Analysis. Nvivo 11.0 software was used to analyse the interview results. Two researchers transcribed the interview recordings verbatim and then imported them into the software. The results of the discussions, along with the results of subsequent statistical analyses, yielded an item pool for our Controlling Coach Behaviors Scale for Chinese Athletes. The controlling use of rewards dimension used three items from the original scale, the intimidation dimension used four items from the original scale, and the negative conditional regard dimension also used four items from the original scale. The excessive personal control dimension incorporated three new items and the two items in the original scale, for a total of five items. The final item pool contained 16 items. The researchers followed the translation-back translation method to translate the Controlling Coach Behaviors Scale from English to Chinese. The specific procedure was as follows. Two bilingual (Chinese–English) translators independently translated the questionnaire into Chinese and then discussed the translated questionnaire until they reached a consensus, thus forming a preliminary Chinese questionnaire. Then, another bilingual translator independently translated the preliminary Chinese questionnaire into English. The researchers compared the translated English questionnaire with the original English questionnaire to test the accuracy of the translation. The Chinese version of the questionnaire was finalized through discussion and modification.
Participants.
The participants were 130 provincial team athletes (Mage = 18.59, SD = 3.63; Mtraining years = 8.58, SD = 3.84) who participated in sports such as martial arts, sanda (Chinese kickboxing), table tennis, and weightlifting. All procedures performed in this study have been approved by the Institutional Review Board of the Guangzhou Sport University. All participants or their parents included in the study1, study2 and study3 signed informed consent.
Results
Project analysis.
The participants’ total scores on the questionnaire were ordered from highest to lowest. The high group consisted of people who scored in the top 27%, while the low group consisted of people who scored in the bottom 27%. The difference between the scores of the high group and the low group on each item was calculated using an independent-samples t-test. The differences between the high and low groups on all of the items were found to be statistically significant (t(68) = 2.46, p ≤ .017).

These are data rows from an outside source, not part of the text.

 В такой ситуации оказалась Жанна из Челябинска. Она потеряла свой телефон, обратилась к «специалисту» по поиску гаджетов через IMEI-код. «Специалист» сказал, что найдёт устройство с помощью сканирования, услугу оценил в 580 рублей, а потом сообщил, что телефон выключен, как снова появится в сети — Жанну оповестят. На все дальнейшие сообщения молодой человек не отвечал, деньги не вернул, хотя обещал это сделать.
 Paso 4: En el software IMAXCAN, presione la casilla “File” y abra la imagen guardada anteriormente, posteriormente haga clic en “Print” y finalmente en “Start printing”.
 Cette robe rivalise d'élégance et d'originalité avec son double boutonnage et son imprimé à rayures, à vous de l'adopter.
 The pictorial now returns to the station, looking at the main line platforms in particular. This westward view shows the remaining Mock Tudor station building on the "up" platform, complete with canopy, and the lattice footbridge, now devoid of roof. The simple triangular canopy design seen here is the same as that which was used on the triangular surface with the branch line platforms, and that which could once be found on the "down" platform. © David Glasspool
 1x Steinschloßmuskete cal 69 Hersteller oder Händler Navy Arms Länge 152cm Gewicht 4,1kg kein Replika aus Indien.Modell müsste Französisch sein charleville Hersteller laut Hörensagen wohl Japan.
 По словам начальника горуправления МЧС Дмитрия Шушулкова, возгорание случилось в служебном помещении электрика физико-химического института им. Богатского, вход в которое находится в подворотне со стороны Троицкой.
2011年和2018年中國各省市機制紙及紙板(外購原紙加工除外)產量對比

The correlation between each item and the total score was then calculated. All of these correlation coefficients were found to be significantly greater than 0.4 (r(70) = .36, p < .001).
Exploratory factor analysis.
Exploratory factor analysis and extraction were conducted using principal component analysis. We used a varimax rotation to conduct an exploratory factor analysis of this 16-item Controlling Coach Behaviors Scale. After several rounds of item deletion, nine items were retained. The sample suitability test (KMO = 0.73) and spherical test results (χ2 = 557.10, p < .001) showed that the sample was suitable for factor analysis (see Table 2).

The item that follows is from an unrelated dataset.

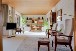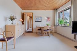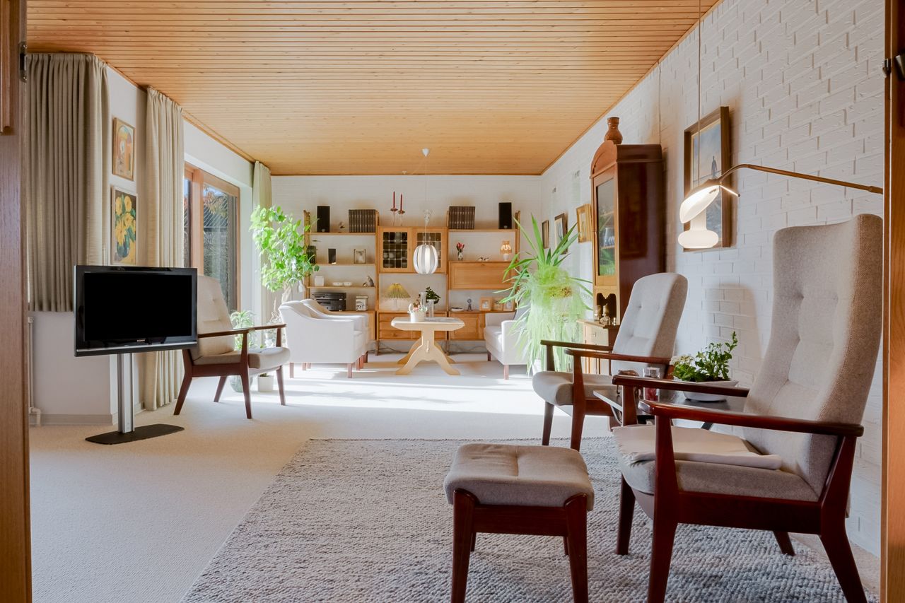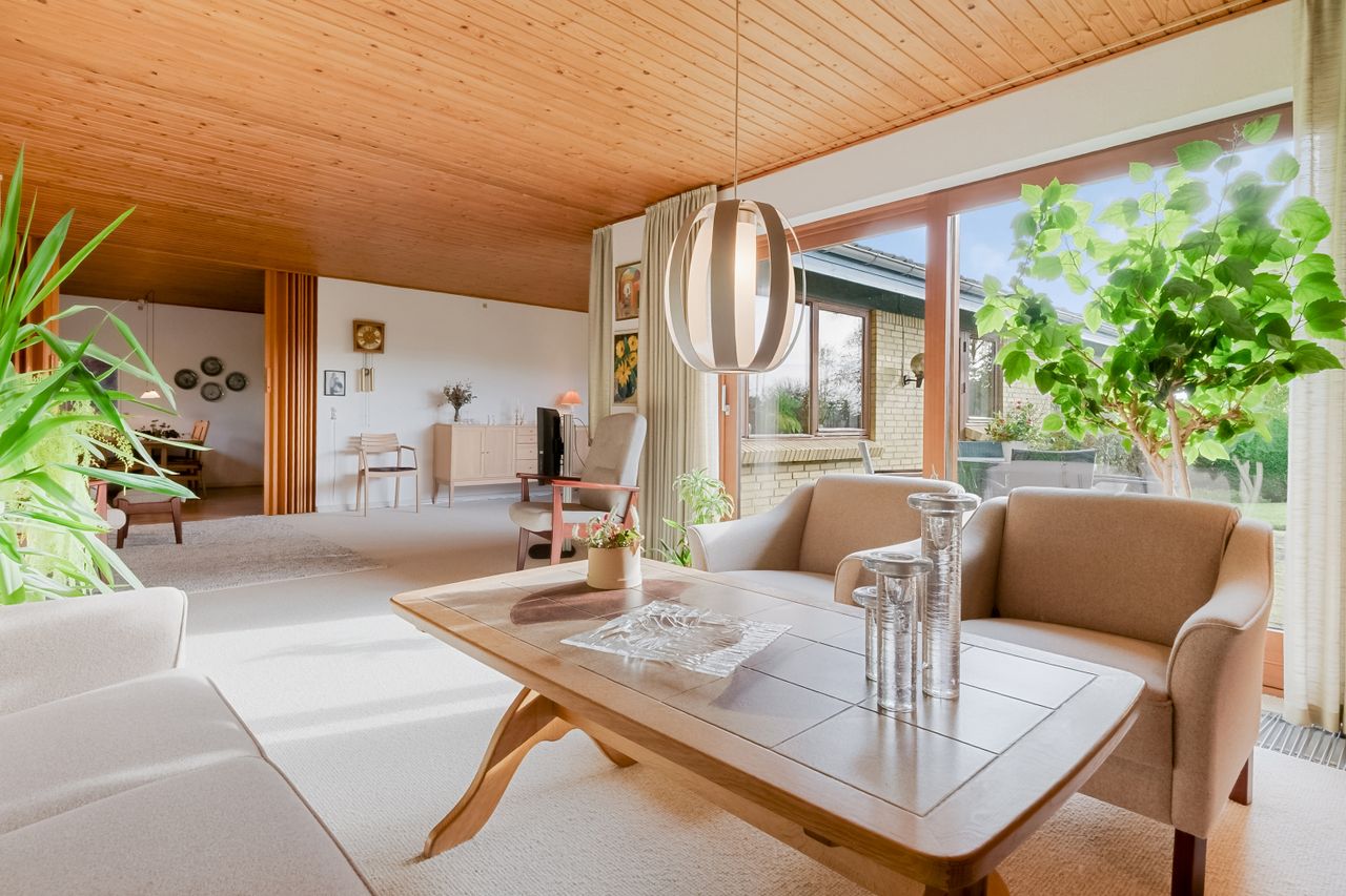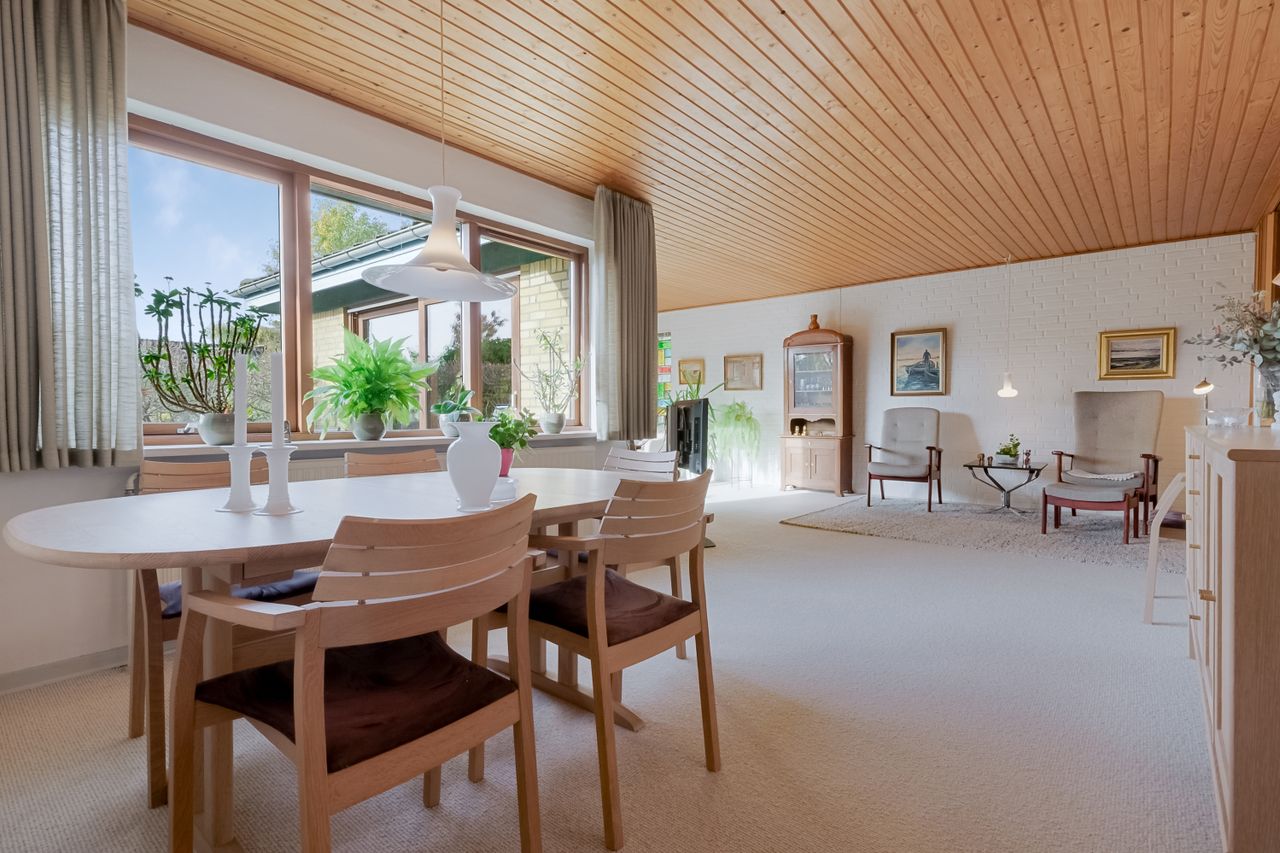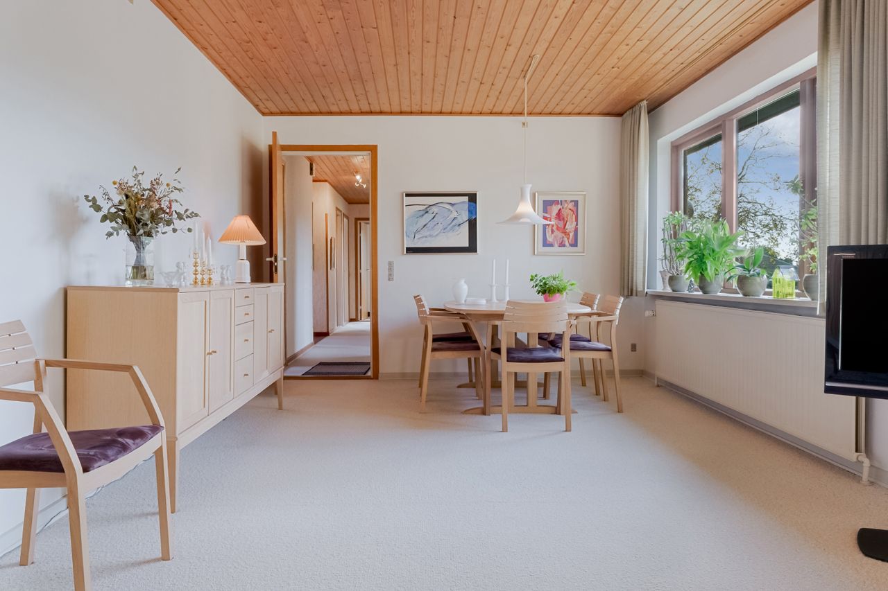 Fra spisestuen kan skydedørene åbnes, så rummet flyder sammen med stuen – et lyst og indbydende opholdsområde med store glaspartier. Her er plads til sofa og tv-hygge samt en mere formel spiseplads til særlige lejligheder. Det lyse gulvtæppe giver en hjemlig og rolig atmosfære.
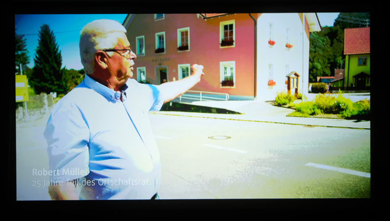 Die nächste Ortschaft, die präsentiert wurde, war Eintürnen, also das Reich von Berthold Leupolz. Für die Eintürner war seinerzeit auch Wolfegg als Partner denkbar, aber nachdem nicht klar war, ob dieses selbst selbstständig bleiben wird, wurde diese Option verworfen. Überliefert ist dazu eine Anekdote des damaligen Eintürner Bürgermeisters Hecht: „Es isch nix, wenn zwoi Arme zsammaganget.“ Auf Brauns Frage, was Eintürnen heute so besonders macht, gab Leupolz zur Antwort: „Die Gemeinschaft.“ Auch wenn Eintürnenberg der Ortsteil mit den wenigsten Einwohnern sei, sei es das Zentrum: Mit Rathaus, Kirche, Schule und Halle sind alle öffentlichen Gebäude dort.

Three co-factors were sampled, with a cumulative contribution rate of 75.03. The loading of each item on each factor was between 0.74 and 0.88. All four items in the intimidation dimension and one item in the negative conditional regard dimension were deleted due to cross-factor loadings. The excessive personal control dimension contained three items. The controlling use of rewards dimension retained its original three items. In summary, our Chinese Controlling Coach Behaviors Scale contained three dimensions (controlling use of rewards, negative conditional regard, and excessive personal control), and each of these dimensions contained three items.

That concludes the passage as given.